Explanatory term [attribute name in Korp / attribute name in the xml file]

Descriptive metadata  
• Task ID [task id / task_id] Task ID in the corpus. A letter prefix (for a school) + T(ask) + a running number, e.g. WT14. Total of 8 unique tasks
• Datum [date / datum] Automatic Korp value, e.g. “2014-01-01”, in this case - a derivative of task_date. Datum is used by Korp search engine to create trend diagrams.
  inträdesprov A -HT12: 2012-08-30; VT13:2012-12-12
  mitterminsprov B –HT12: 2012-10-16; VT13:2013-03-20
  slutprov C –HT12: 2012-12-12; VT13:2013-05-21
  omprov D –HT12: 2013-01-10; VT13:2013-06-05
• Task date [task date / task_date] The year and week (year-week) when the essay was written, e.g. 2012-W44 (SW1203 data collected during 2012-2013)
• Course type / school form [school type / school_type] A generic description of the type of the school/education where essay has been collected from
  Universitetet
• Course level [course subject / course_subject] Behörighetsgivande kurs
• Grading scale [grading scale / grading_scale] CEFR (B1-C2)
Writing task details  
• Task type [task type / task_type] A: Inträdesuppsats (52 st)
  B: Mitterminsuppsats (41 st)
  C: Slutprovsuppsats (45 st)
  D: Omprov (3 st)
• Task - format [task format / task_format] Handwritten
• Task duration (in minutes) 210 minutes
• Text type / genre [genre / text_types] Argumenterande
• Task instructions yes, for some tasks
• Allowed aids None except handouts
• Tasks - subject / topic [task_subject / subject] E.g. Yttrandefrihet
• Lessontext_topic [lessontext_topic / lessontext_topic] Topics in accordance with COCTAILL taxonomy https://www.aclweb.org/anthology/W14-3510.pdf. N/A for SW1203
• Task_url links where available
  Ett brev till politikerna i kommunen: handout
  Det goda livet: handout
  Internet som mötesplats: handout
  Traditioner och traditioners betydelse:
  Familjtyper (handout N/A)
  Turism (handout N/A)
  Yttrandefrihet (handout N/A)
  Engelska som världsspråk (handout N/A)

2.4 Essay metadata

Explanatory term [attribute name in Korp / attribute name in the xml file]

Descriptive metadata  
• Essay ID [essay ID / essay_id] Essay ID consists of a student ID (e.g. W1) + task ID (e.g. WT1) == W1WT1
• Essays per student [uppsatser/student / nr_essay_student] numbers 1-5, indicating “recurrent” (longitudinal) students if the value is 2 or above.

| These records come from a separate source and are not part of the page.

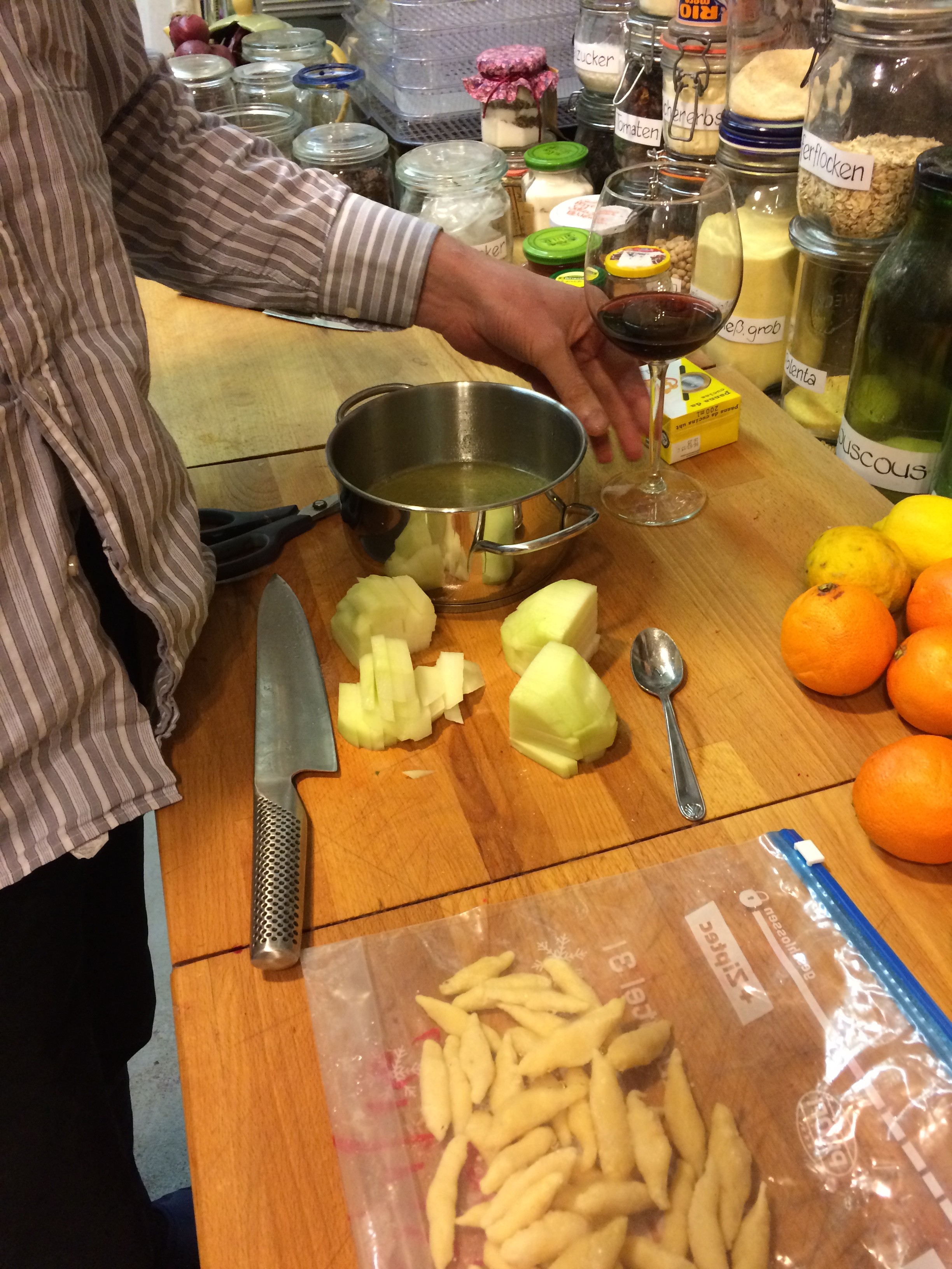 In der Zwischenzeit die Schupfnudeln anbraten und die Bohnen im Speck rösten. Alles zusammen anrichten und mit einem schönen Glas Rotwein genießen…..
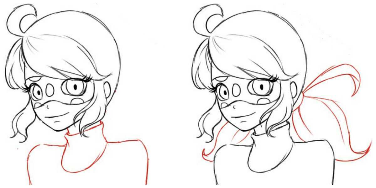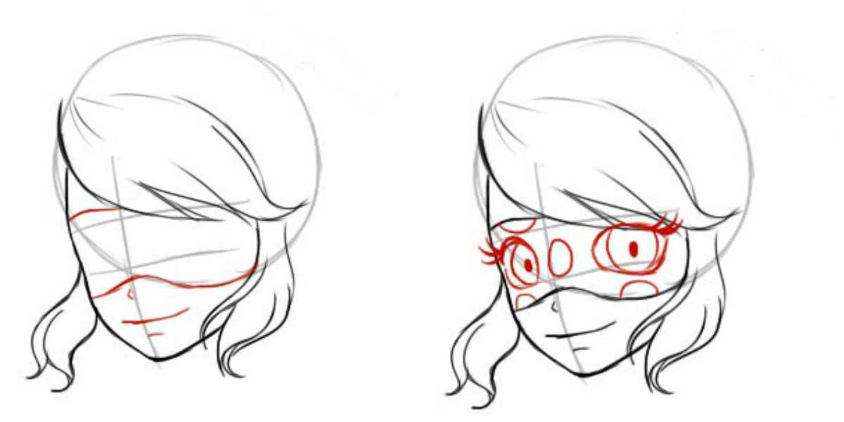 - Теперь разметьте и прорисуйте прическу, маску и черты лица Леди Баг так, как обозначено в инструкции выше в статье.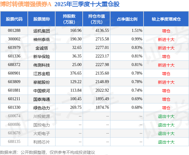 根据2025基金Q3季报公募基金重仓股数据,重仓该股的公募基金共10家,其中持有数量最多的公募基金为博时基金的博时转债增强债券A。博时转债增强债券A目前规模为12.13亿元,最新净值2.2411(12月17日),较上一交易日上涨1.72%,近一年上涨29.2%。该公募基金现任基金经理为过钧 高晖。过钧在任的基金产品包括:博时信用债券A/B,管理时间为2009年6月10日至今,期间收益率为300.25%;博时新收益A,管理时间为2016年2月29日至今,期间收益率为205.78%;博时双季鑫6个月持有混合A,管理时间为2021年1月20日至今,期间收益率为11.01%;博时浦惠一年持有期混合A,管理时间为2022年2月17日至今,期间收益率为16.79%。高晖在任的基金产品包括:博时稳健回报债券(LOF)C,管理时间为2023年10月20日至今,期间收益率为10.02%;博时可转债ETF,管理时间为2023年10月20日至今,期间收益率为21.64%。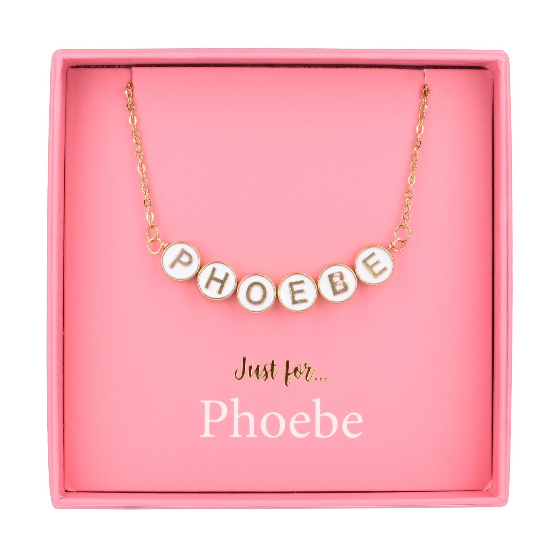 Introducing our personalised name necklace, a stunning accessory designed to bring elegance and individuality to any look. This necklace features the name 'Phoebe', beautifully crafted with round gold-tone beads that showcase a delicate white centre and striking gold-tone letters.
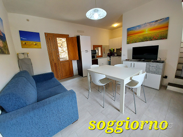 La casa è situata al centro del paese ,è di recente fabbricazione , al piano terra è presente soggiorno cucina , un bagno e l accesso ad un piccolo cortile con una doccietta , al piano superiore presenti due camere da letto con un letto matrimoniale e un letto a castello , un bagno , infine una terrazza coperta con vista mare sull arcipelago De La Maddalena .

For example, “2” means that there are 2 essays written by that particular student
  1 essay/student => 5
  2 essays/student => 28
  3 essays/student => 96
  4 essays/student => 12
• CEFR level [proficiency level / cefr_level] B1 => 40 essays
  B2 => 71 essays
  C1 => 23
  C2 => 7
• Grade [grade / grade] In SW1203 grade and CEFR level are the same
• Full text [full text / svala_link] A link to the full essay that opens in SVALA annotation tool
Additional attributes A few attributes that are present in other SweLL subcorpora, and have been added to each SweLL subcorpus for the sake of interoperability.
• Result on the writing assignment [written proficiency / written_result] TISUS-attribute
• Reading comprehension 1 / LF1 [reading comprehension (result), part 1 / lf1_result] TISUS-attribute
• Reading comprehension 2 / LF2 [reading comprehension (result), part 2 / lf2_result] TISUS-attribute
• Reading comprehension, sum [reading comprehension (sum) / lf_sum] TISUS-attribute
• Oral proficiency [oral proficiency / oral_result] TISUS-attribute
• Final grade [final grade / final_grade] TISUS-attribute

2.5 School metadata

Explanatory term [attribute name in Korp / attribute name in the xml file]

Description  
School ID [source / source] Letter W for SW1203; a unversity course for prospective students, preparatory before TISUS exam
Approximate level [approximate level / approximate_level] Level assigned based on the type of course, roughly split into A:Beginners, B:Intermediate and C:Advanced, with additional marker “Fortsättning” (i.e. Continuation) added where necessary. Note the the order of the two descriptors always come in the alphabetical order, thus sometimes taking form of “Forsättning, Nybörjare” (i.e. Continuation, Beginner)